* Activity:
Set down every line of the data exactly, skipping the pictures.

#### Input data ####

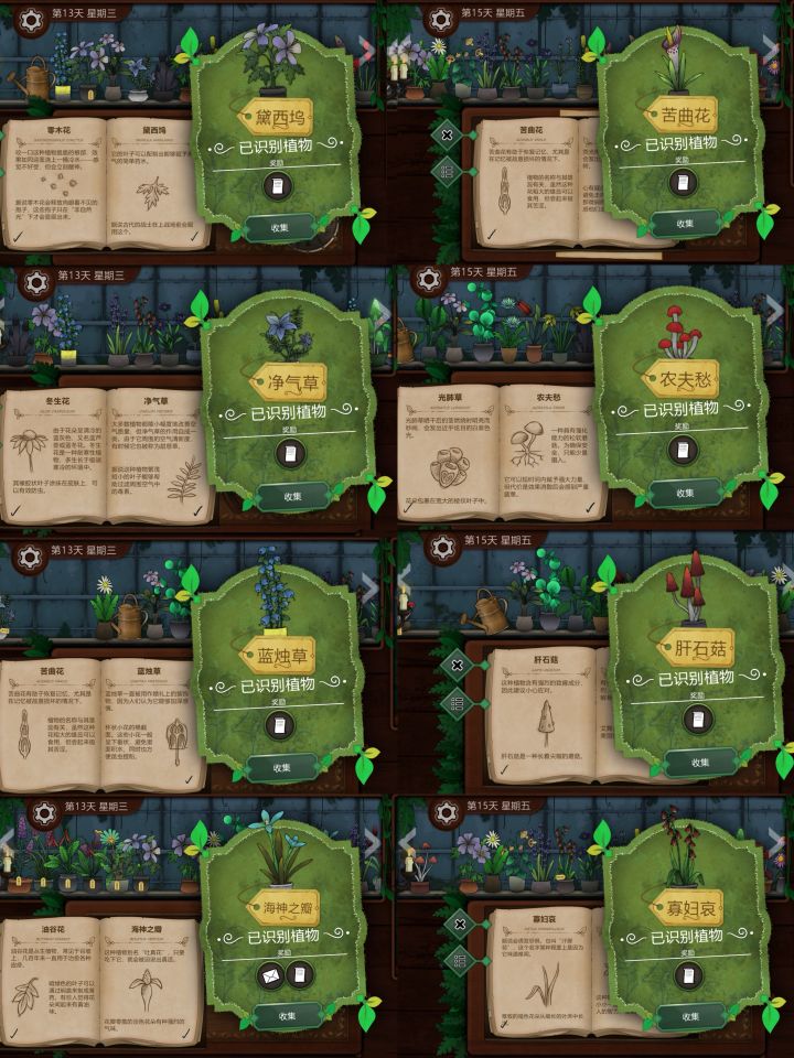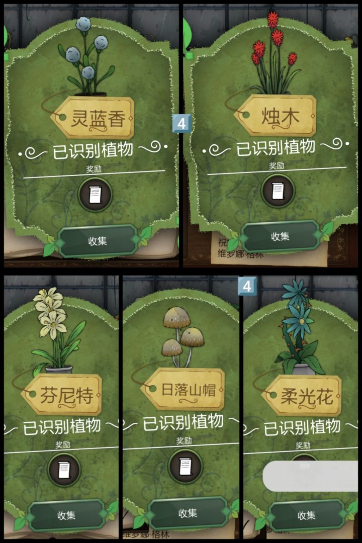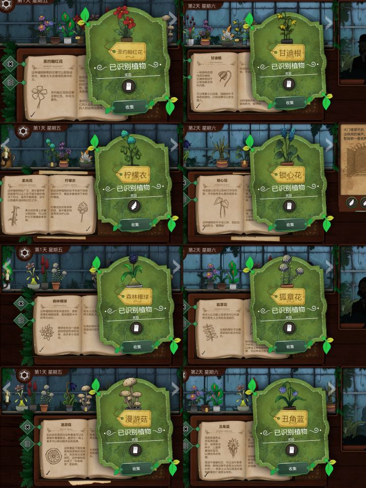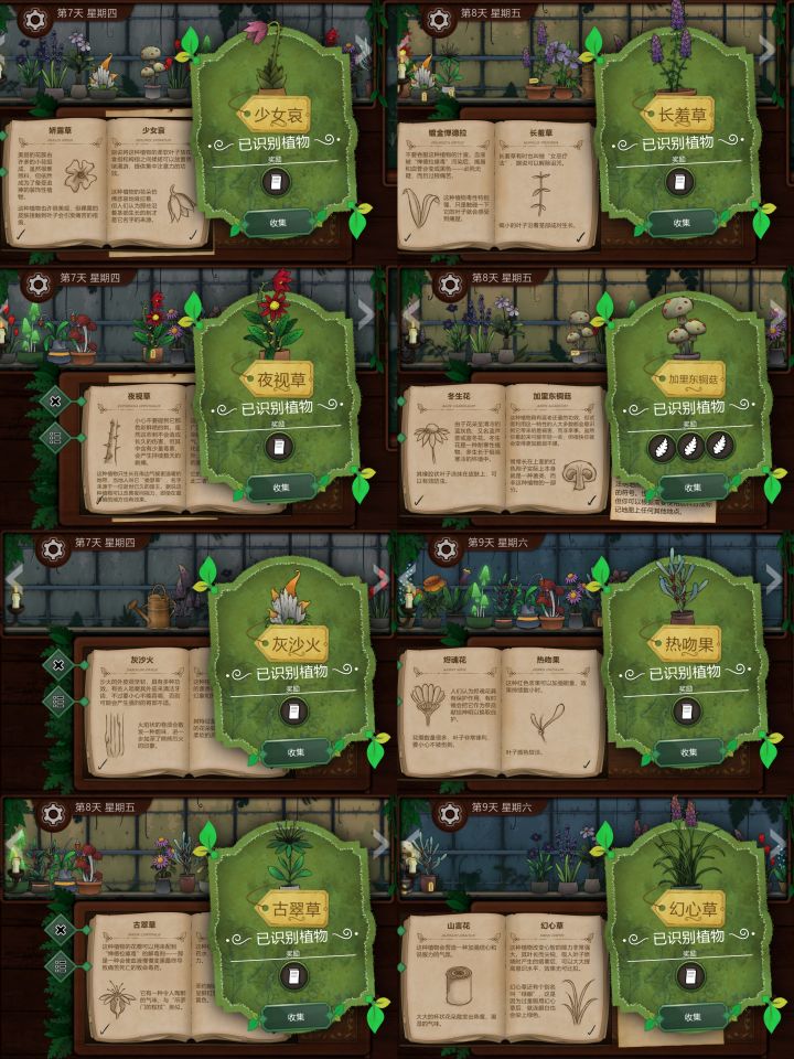 P1:圣约翰红花、柠檬衣、森林樟球、漫游菇、甘迪根、锁心花、狐章花、丑角蓝P2:玛丽之息、壬草、油谷花、娇露草、夏日女士、缘锁草、光肺草、芬尼特P3:柔光花、灵蓝香、烛木、日落山帽、无忧花、普通裤草、往生花、跳心草P4:女巫菲格、赤语果、主教阳伞、冬生花、雅各布之德、镀金惮德拉、皇家龙胆、所罗门的权杖P5:少女哀、夜视草、灰沙火、古翠草、长羞草、加里东铜菇、热吻果、幻心草P6:野芸苔、山
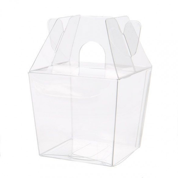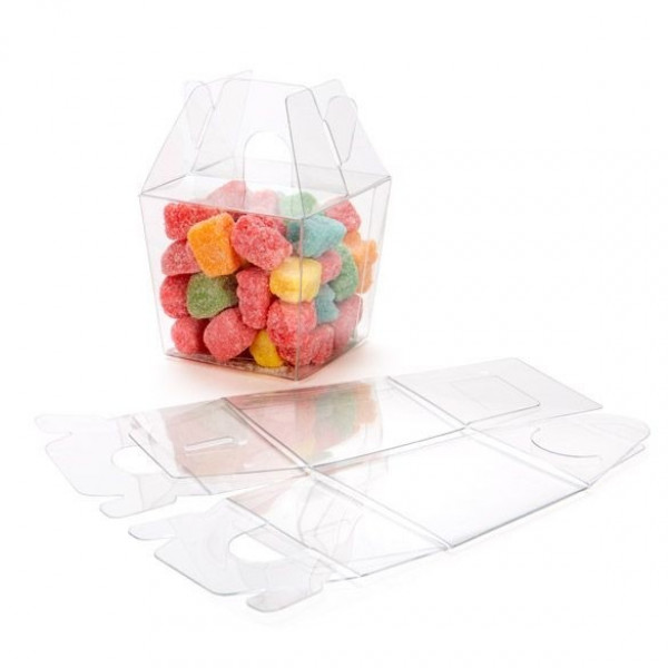 The design of this mini takeout box creates an adorable display for treats and favors. The FS282 box measures 60 x 51 x 54 mm and comes in a clear for a unique look. Package candy, cookies, crafts, jewelry, and gifts. This box will hold two mini macaron cookies and is perfect for favors. The gable-top style and die-cut handle offer an eye-catching presentation. The semi-transparent material offers a classy look and is 300 micron thick for outstanding durability. Shape along folds and secure the bottom tabs to assemble. Clear stickers are included for a theft-proof closure. Food safe.
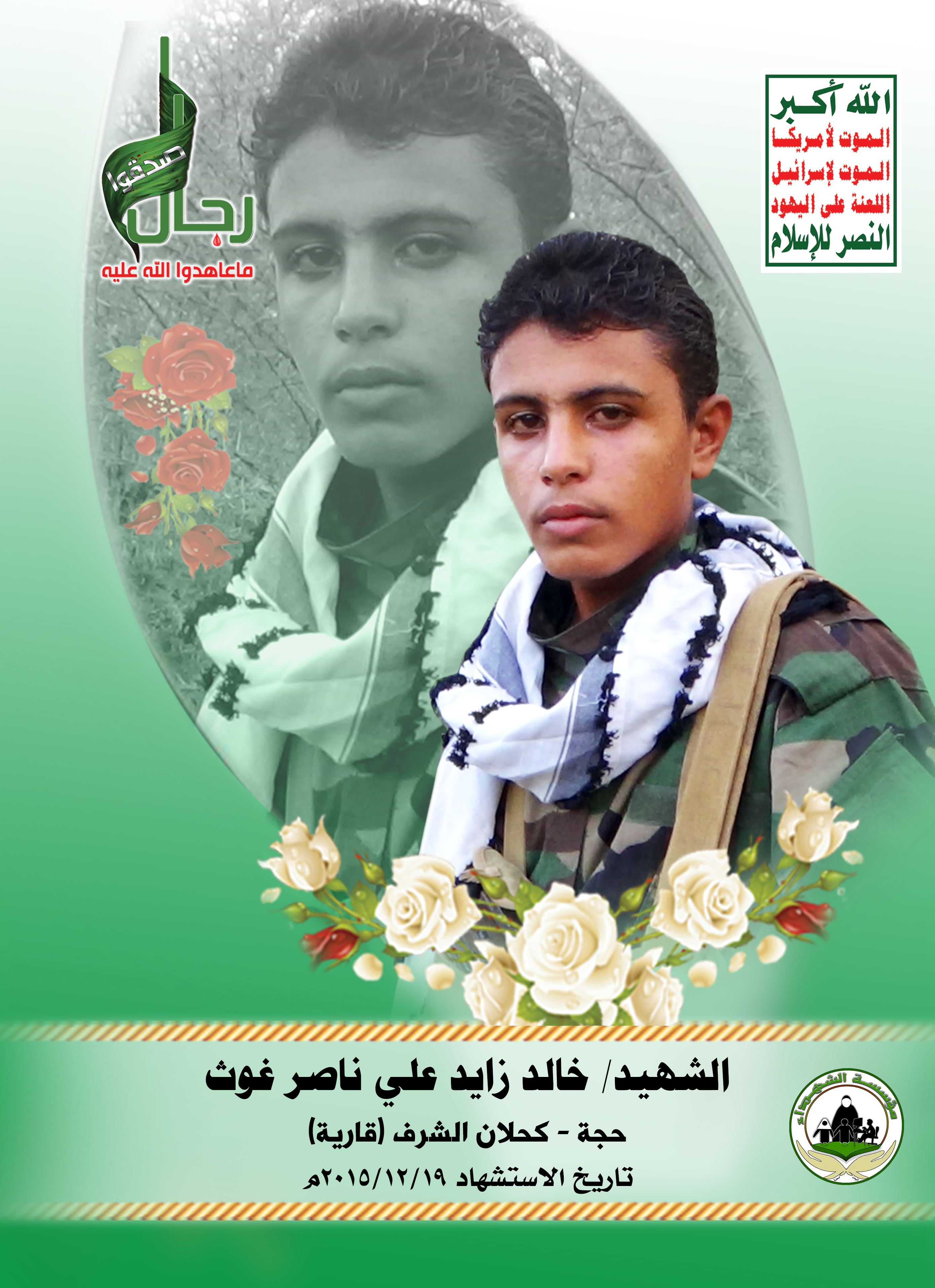 Actor خالد زايد علي ناصر غوث Filmography الشهيد المجاهد: خالد زايد علي ناصر غوث – المحافظة: حجة المديرية: كحلان الشرف قارية – معركة النفس الطويل رقم الحافظة: 124982

####

* Exercise output:
 P1:圣约翰红花、柠檬衣、森林樟球、漫游菇、甘迪根、锁心花、狐章花、丑角蓝P2:玛丽之息、壬草、油谷花、娇露草、夏日女士、缘锁草、光肺草、芬尼特P3:柔光花、灵蓝香、烛木、日落山帽、无忧花、普通裤草、往生花、跳心草P4:女巫菲格、赤语果、主教阳伞、冬生花、雅各布之德、镀金惮德拉、皇家龙胆、所罗门的权杖P5:少女哀、夜视草、灰沙火、古翠草、长羞草、加里东铜菇、热吻果、幻心草P6:野芸苔、山
 The design of this mini takeout box creates an adorable display for treats and favors. The FS282 box measures 60 x 51 x 54 mm and comes in a clear for a unique look. Package candy, cookies, crafts, jewelry, and gifts. This box will hold two mini macaron cookies and is perfect for favors. The gable-top style and die-cut handle offer an eye-catching presentation. The semi-transparent material offers a classy look and is 300 micron thick for outstanding durability. Shape along folds and secure the bottom tabs to assemble. Clear stickers are included for a theft-proof closure. Food safe.
 Actor خالد زايد علي ناصر غوث Filmography الشهيد المجاهد: خالد زايد علي ناصر غوث – المحافظة: حجة المديرية: كحلان الشرف قارية – معركة النفس الطويل رقم الحافظة: 124982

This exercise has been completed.